A seller of fruit and produce hadn’t even heard about the law or the tax situation when I asked. Another who works with a Taobao shop selling clothing said her shop will likely end up paying taxes since they’ll have to register as a business, like the registered and verified shops on Tmall have had to for a few years now. A relative of mine, with three shops on Taobao, said she has no idea what to do about taxes and has not been given any guidance by Alibaba about how to comply.

It’ll be interesting to see how much the tax law is enforced, since many sellers have slim profit margins and the government likely doesn’t want to put a lot of those shops out of business. But bigger sellers could be a target.

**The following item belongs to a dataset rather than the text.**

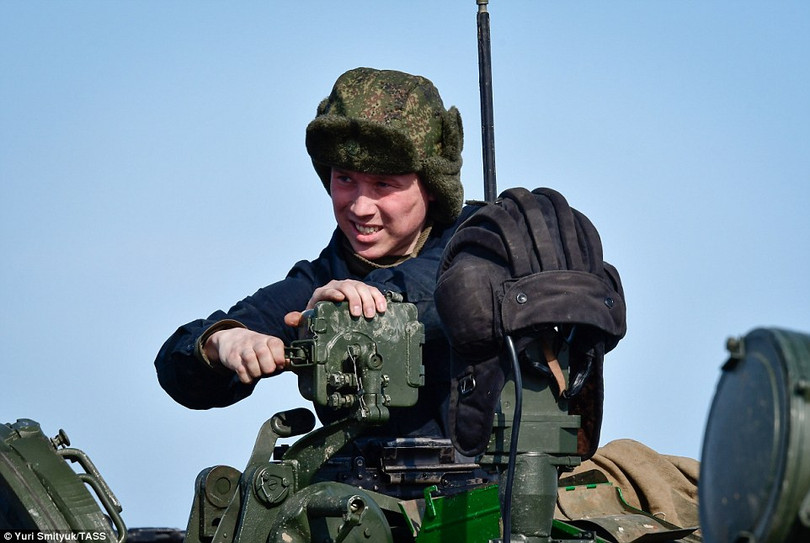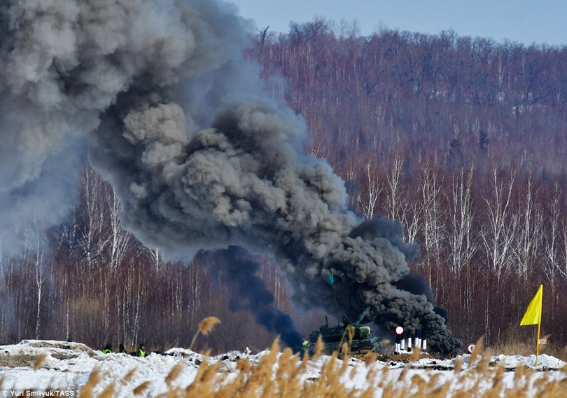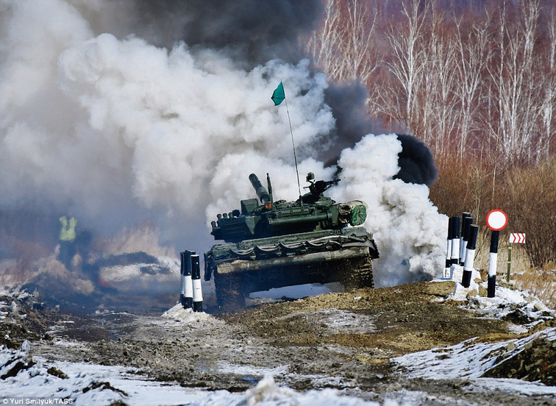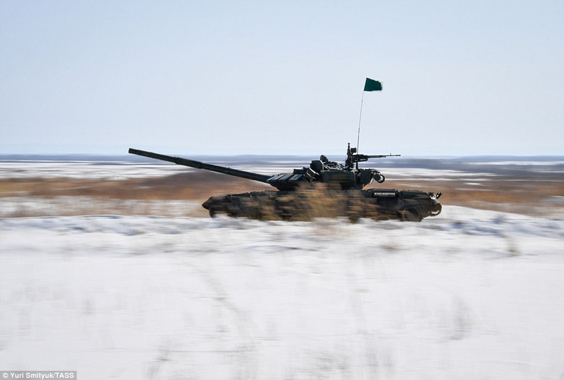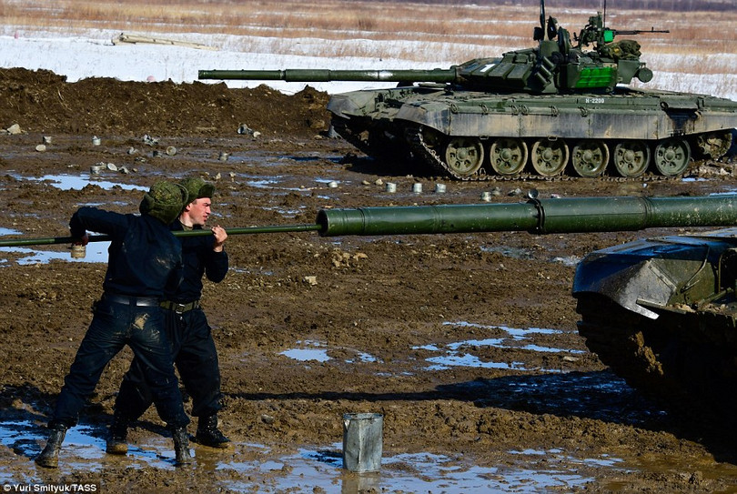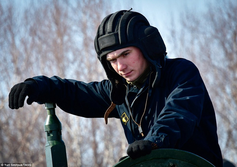 Các kíp xe tăng Nga đang tham gia trong một cuộc thi vòng loại thuộc quân khu phía đông tại thao trường Anastasyevsky trong ngày 12.03.2017, chuẩn bị cho giải đấu tăng quốc tế năm 2017.

Like the case with major Chinese actress Fan Bingbing, who had evaded taxes through a process of signing double contracts (one the government would see, the other that is the real contract), it will likely take major crackdowns of big tax evaders to get the multitudes to comply.

If Alibaba really wanted to follow the law and both educate and help enforce the tax rules, it could easily do so. In early January, the company moved to punish thousands of online sellers at the bequest of India after it was found people were evading taxes by marking shipments as gifts instead of items for sale. Whether Taobao will do the same largely depends on how serious China’s tax authorities are about raking in the billions in taxes that are being avoided.